§ Data section
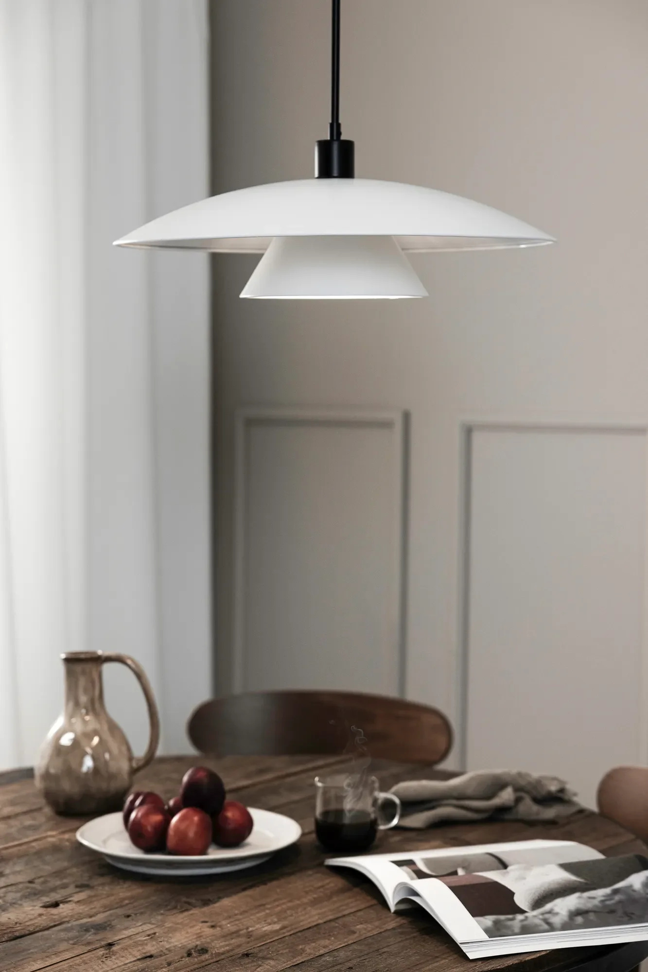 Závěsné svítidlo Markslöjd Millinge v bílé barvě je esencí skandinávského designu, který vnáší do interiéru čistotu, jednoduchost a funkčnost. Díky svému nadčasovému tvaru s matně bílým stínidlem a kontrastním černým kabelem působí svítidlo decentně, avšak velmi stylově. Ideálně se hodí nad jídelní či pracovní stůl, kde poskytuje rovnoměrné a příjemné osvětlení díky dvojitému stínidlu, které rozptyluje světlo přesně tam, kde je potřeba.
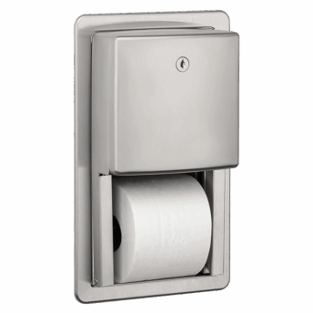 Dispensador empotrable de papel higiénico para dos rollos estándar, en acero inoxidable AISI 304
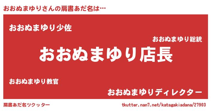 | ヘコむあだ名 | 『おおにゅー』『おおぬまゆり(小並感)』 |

§ Problem requirements
Could the data above be repeated exactly, with every picture dropped?

§ Written response
 Závěsné svítidlo Markslöjd Millinge v bílé barvě je esencí skandinávského designu, který vnáší do interiéru čistotu, jednoduchost a funkčnost. Díky svému nadčasovému tvaru s matně bílým stínidlem a kontrastním černým kabelem působí svítidlo decentně, avšak velmi stylově. Ideálně se hodí nad jídelní či pracovní stůl, kde poskytuje rovnoměrné a příjemné osvětlení díky dvojitému stínidlu, které rozptyluje světlo přesně tam, kde je potřeba.
 Dispensador empotrable de papel higiénico para dos rollos estándar, en acero inoxidable AISI 304
 | ヘコむあだ名 | 『おおにゅー』『おおぬまゆり(小並感)』 |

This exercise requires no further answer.